The group is willing to withdraw the suit against the National Park Service for a change in the proposed ban in the wilderness portion of the park.
Snowmachiners want access to attractive riding areas near Cantwell.
''All we ever wanted is to ride snowmobiles in the southeast corner of the Alaska Range,'' said Joe Gauna, a spokesman for the Alaska State Snowmobile Association, a plaintiff in the case.
The snowmachiners' attorney, Bill Horn, also is talking with Bush officials about settling two other motorized-access lawsuits. One contests a snowmachine phase-out in Yellowstone National Park; the other objects to off-road riding restrictions in Big Cypress National Preserve in Florida.
Doug Burdin, who works with Horn at the Washington, D.C., office of the law firm of Birch, Horton, Bittner and Cherot, said the two have met with Interior and Justice department officials.
''We are discussing the possible settlements of each of those cases but have not yet come to any resolution,'' Burdin told the Anchorage Daily News.

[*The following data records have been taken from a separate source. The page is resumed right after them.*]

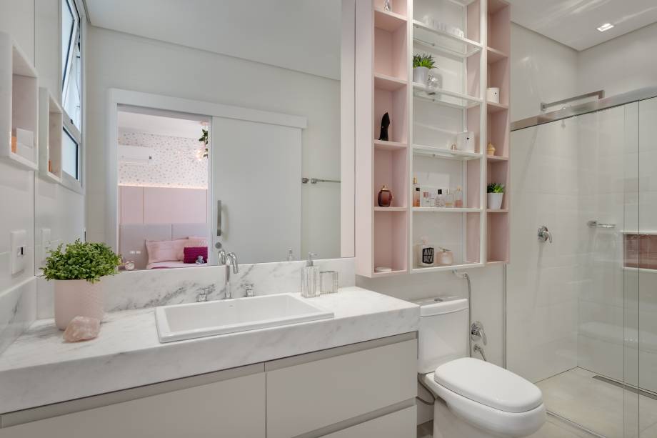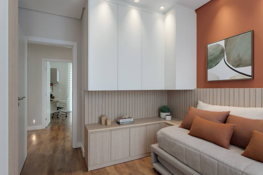 Na área íntima da casa há um home office, quarto de visitas, suíte da filha e suíte do casal. Todos esses ambientes seguem o estilo do resto da casa, com a mesma paleta de cores.
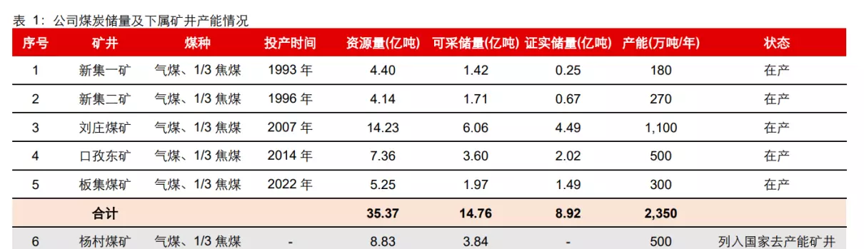 煤炭业务:公司下属矿井主要产品为动力煤,煤种主要为气煤和部分 1/3 焦煤,具有中灰、低硫、特低磷、高挥发分和高发热量等特征。截至 2022 年末,公司拥有 5 对生产矿井,可采储量合计 14.76 亿吨,核定产能合计 2350 万吨/年。
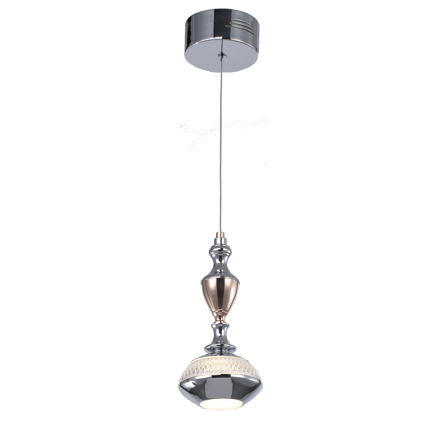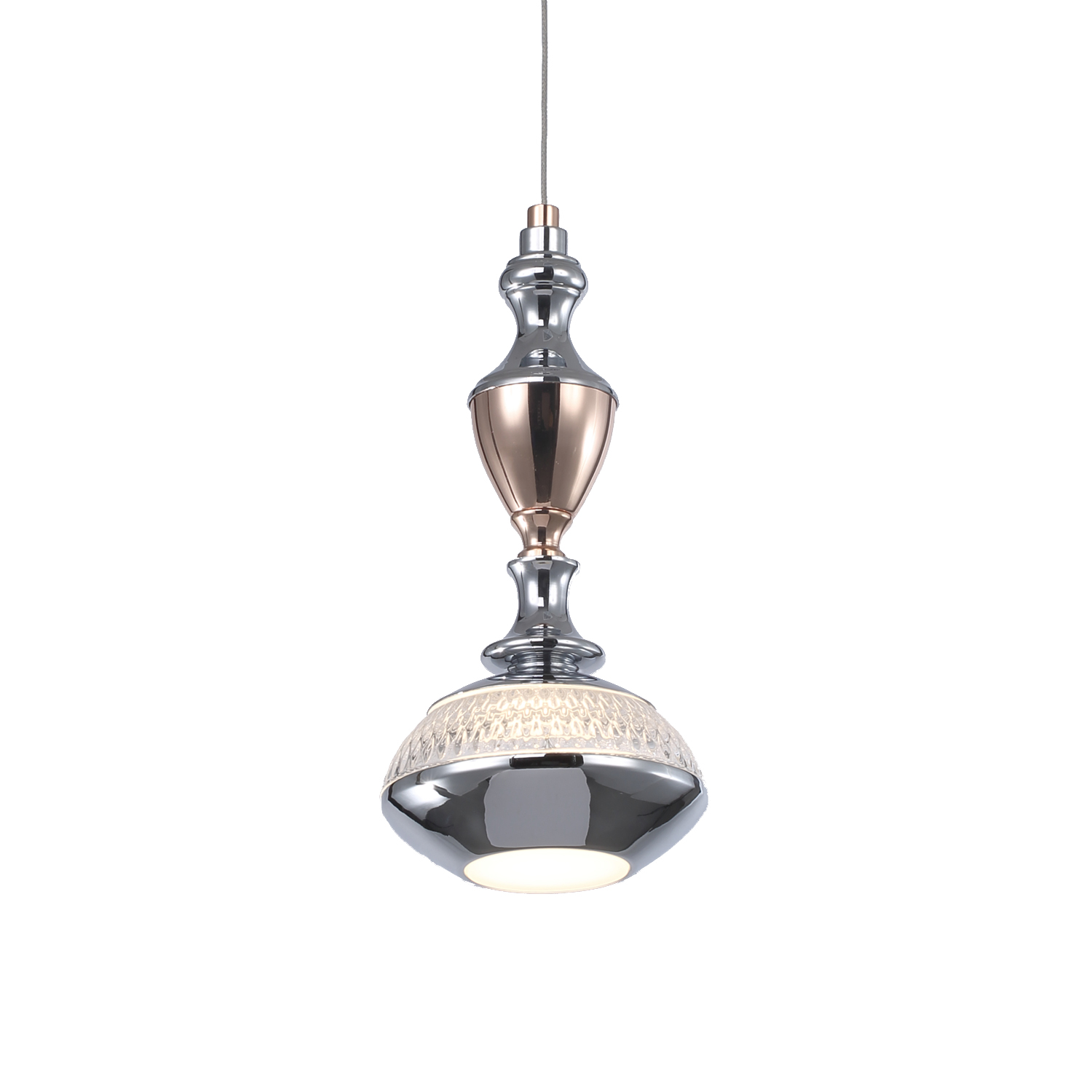 Подвесной светильник из хромированного металла с медными деталями и вставкой из прозрачного стекла.

Christine Romano, a spokeswoman for the Department of Justice in Washington, D.C., would not comment.
In late 1998 the Park Service began planning to turn a long-standing informal ban on snowmachines inside the old park into a permanent rule. Though a temporary ban in February 1999 opened a small part of the old park to snowmachine riding, the final Park Service rule last June closed all of the old park.
At the heart of the issue is a key term in federal law that governs motorized access in the park. Under the Alaska National Interest Lands Conservation Act, snowmachines shall be allowed in the park for ''traditional activities.''
Snowmachiners argue that recreational snowmachining is a traditional activity. Park officials and environmentalists say it is not.
Snowmachining is allowed in the remaining 4 million acres of the park and preserve.
Environmentalists say that allowing snowmachines in a wilderness area would set a damaging precedent.
''This is not just about the parks in Alaska,'' said Allen E. Smith, Alaska director of the Wilderness Society. ''This could open up all national parks to recreational snowmachining.''
Eight conservation groups intervened in the lawsuit to support the Park Service ban. Their attorney, Bob Randall with Trustees for Alaska, said none of the groups have been invited to participate in the negotiations. Park Service officials have been consulted by telephone but have not been directly involved, said John Quinley, a National Park Service spokesman in Alaska.
Chip Dennerlein, Alaska director of the National Parks and Conservation Association, said he thinks Horn will succeed in settling the case. He notes that Horn worked with Interior Secretary Gale Norton when they both worked for the Interior Department under President Reagan. Horn also served on the Bush transition team.